**WHAT TO DO**
These records are to be written out exactly as they read, minus the pictures.

(MATERIALS PROVIDED Opens)

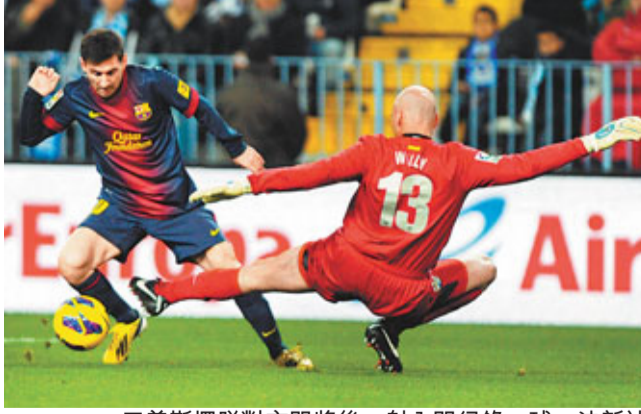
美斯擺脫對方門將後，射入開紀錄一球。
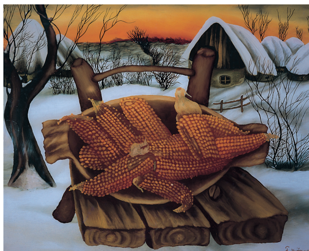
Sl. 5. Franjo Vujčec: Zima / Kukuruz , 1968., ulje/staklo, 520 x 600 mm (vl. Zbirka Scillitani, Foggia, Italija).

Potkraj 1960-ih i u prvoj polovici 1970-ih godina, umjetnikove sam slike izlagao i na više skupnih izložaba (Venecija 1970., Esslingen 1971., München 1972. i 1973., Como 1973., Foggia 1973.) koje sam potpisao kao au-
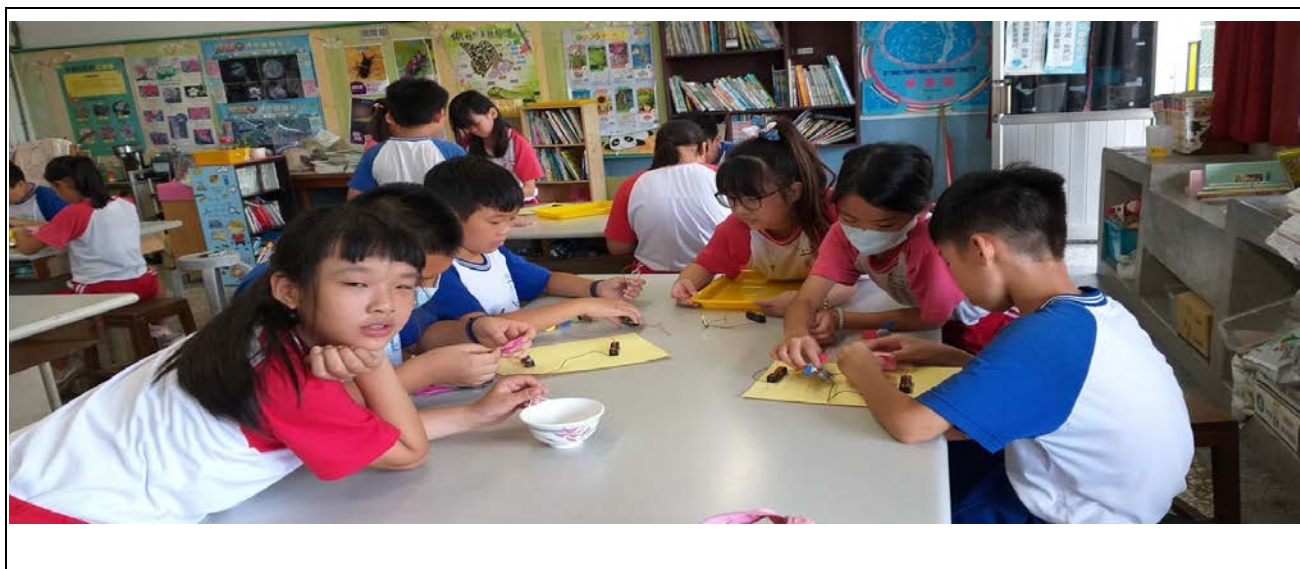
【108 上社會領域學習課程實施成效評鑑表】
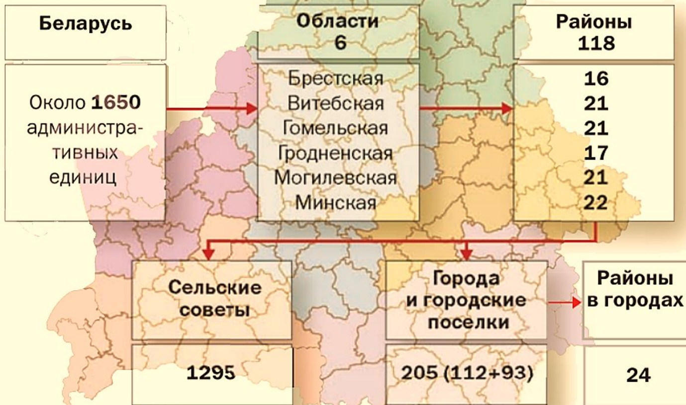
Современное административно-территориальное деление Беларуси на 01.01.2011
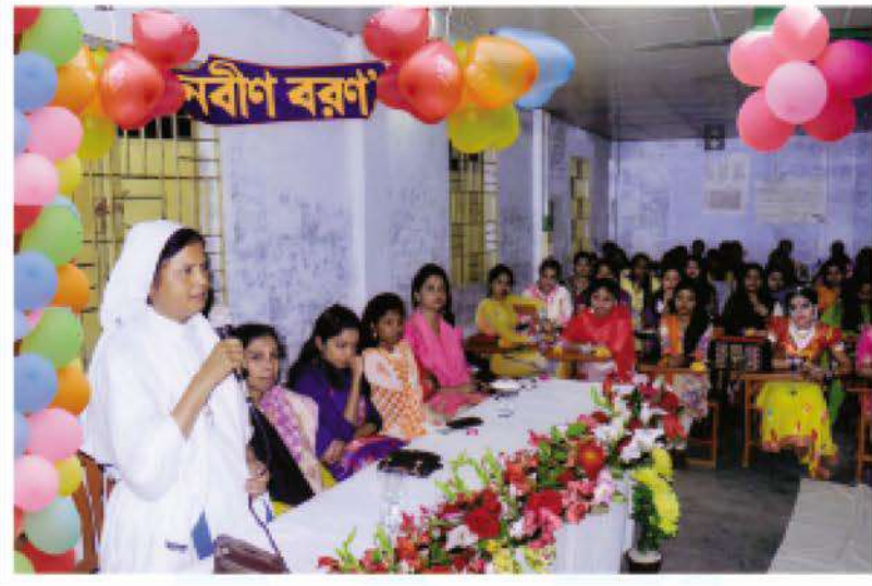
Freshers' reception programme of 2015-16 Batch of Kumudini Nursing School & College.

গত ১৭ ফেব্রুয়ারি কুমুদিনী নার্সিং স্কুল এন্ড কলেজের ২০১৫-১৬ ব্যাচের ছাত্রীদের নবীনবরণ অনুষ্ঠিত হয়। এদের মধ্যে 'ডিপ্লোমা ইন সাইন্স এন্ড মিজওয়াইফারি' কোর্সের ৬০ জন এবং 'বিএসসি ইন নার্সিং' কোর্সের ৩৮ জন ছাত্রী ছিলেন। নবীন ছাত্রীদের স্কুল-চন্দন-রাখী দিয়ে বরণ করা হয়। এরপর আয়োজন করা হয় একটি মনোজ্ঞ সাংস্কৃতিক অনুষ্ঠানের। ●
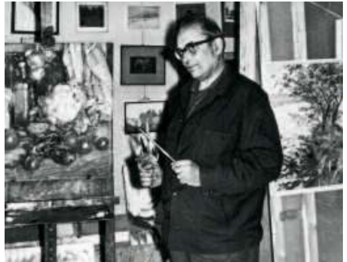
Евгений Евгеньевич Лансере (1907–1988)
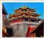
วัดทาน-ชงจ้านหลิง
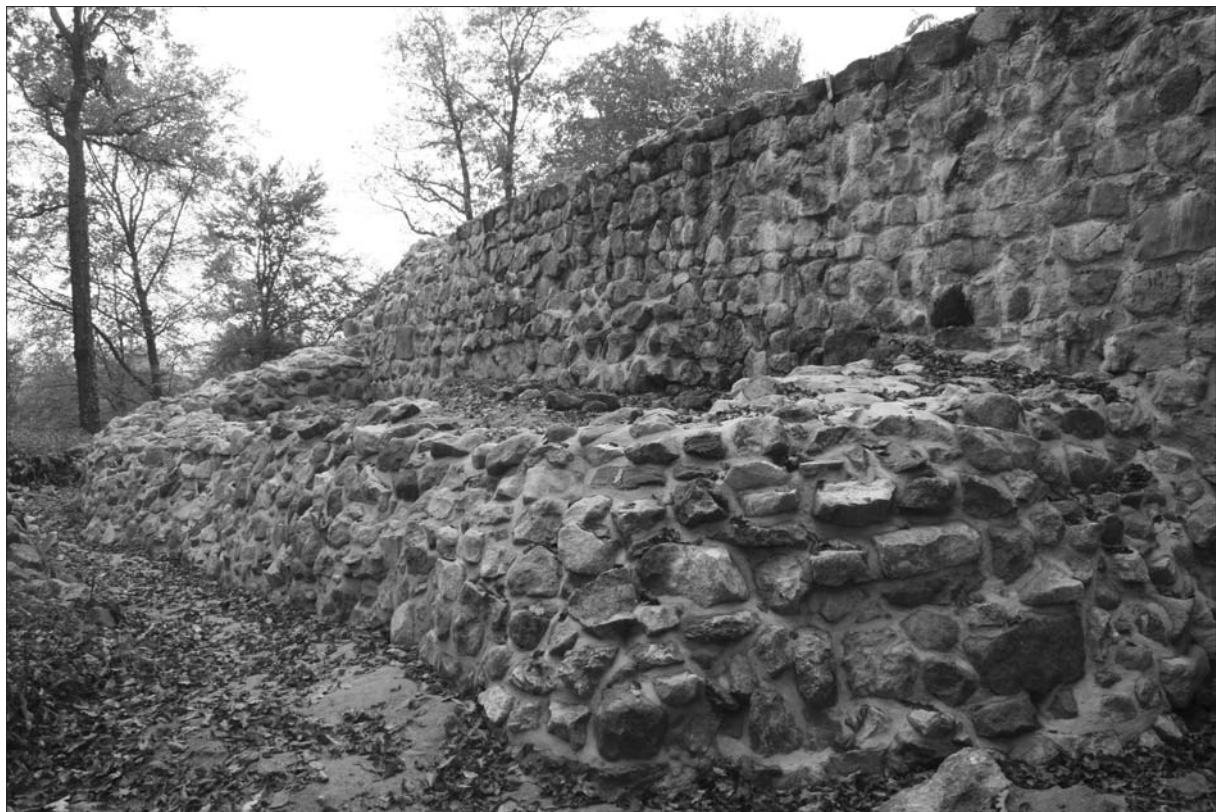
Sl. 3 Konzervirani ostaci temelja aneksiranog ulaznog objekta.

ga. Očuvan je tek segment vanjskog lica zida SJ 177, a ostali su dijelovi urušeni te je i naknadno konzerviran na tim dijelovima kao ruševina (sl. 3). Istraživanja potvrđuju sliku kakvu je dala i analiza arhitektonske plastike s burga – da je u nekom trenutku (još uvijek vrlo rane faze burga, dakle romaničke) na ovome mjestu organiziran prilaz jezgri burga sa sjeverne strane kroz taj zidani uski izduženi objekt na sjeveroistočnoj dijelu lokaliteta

(MATERIALS PROVIDED Closes)

**TASK ANSWER**
美斯擺脫對方門將後，射入開紀錄一球。
Sl. 5. Franjo Vujčec: Zima / Kukuruz , 1968., ulje/staklo, 520 x 600 mm (vl. Zbirka Scillitani, Foggia, Italija).

Potkraj 1960-ih i u prvoj polovici 1970-ih godina, umjetnikove sam slike izlagao i na više skupnih izložaba (Venecija 1970., Esslingen 1971., München 1972. i 1973., Como 1973., Foggia 1973.) koje sam potpisao kao au-
【108 上社會領域學習課程實施成效評鑑表】
Современное административно-территориальное деление Беларуси на 01.01.2011
Freshers' reception programme of 2015-16 Batch of Kumudini Nursing School & College.

গত ১৭ ফেব্রুয়ারি কুমুদিনী নার্সিং স্কুল এন্ড কলেজের ২০১৫-১৬ ব্যাচের ছাত্রীদের নবীনবরণ অনুষ্ঠিত হয়। এদের মধ্যে 'ডিপ্লোমা ইন সাইন্স এন্ড মিজওয়াইফারি' কোর্সের ৬০ জন এবং 'বিএসসি ইন নার্সিং' কোর্সের ৩৮ জন ছাত্রী ছিলেন। নবীন ছাত্রীদের স্কুল-চন্দন-রাখী দিয়ে বরণ করা হয়। এরপর আয়োজন করা হয় একটি মনোজ্ঞ সাংস্কৃতিক অনুষ্ঠানের। ●
Евгений Евгеньевич Лансере (1907–1988)
วัดทาน-ชงจ้านหลิง
Sl. 3 Konzervirani ostaci temelja aneksiranog ulaznog objekta.

ga. Očuvan je tek segment vanjskog lica zida SJ 177, a ostali su dijelovi urušeni te je i naknadno konzerviran na tim dijelovima kao ruševina (sl. 3). Istraživanja potvrđuju sliku kakvu je dala i analiza arhitektonske plastike s burga – da je u nekom trenutku (još uvijek vrlo rane faze burga, dakle romaničke) na ovome mjestu organiziran prilaz jezgri burga sa sjeverne strane kroz taj zidani uski izduženi objekt na sjeveroistočnoj dijelu lokaliteta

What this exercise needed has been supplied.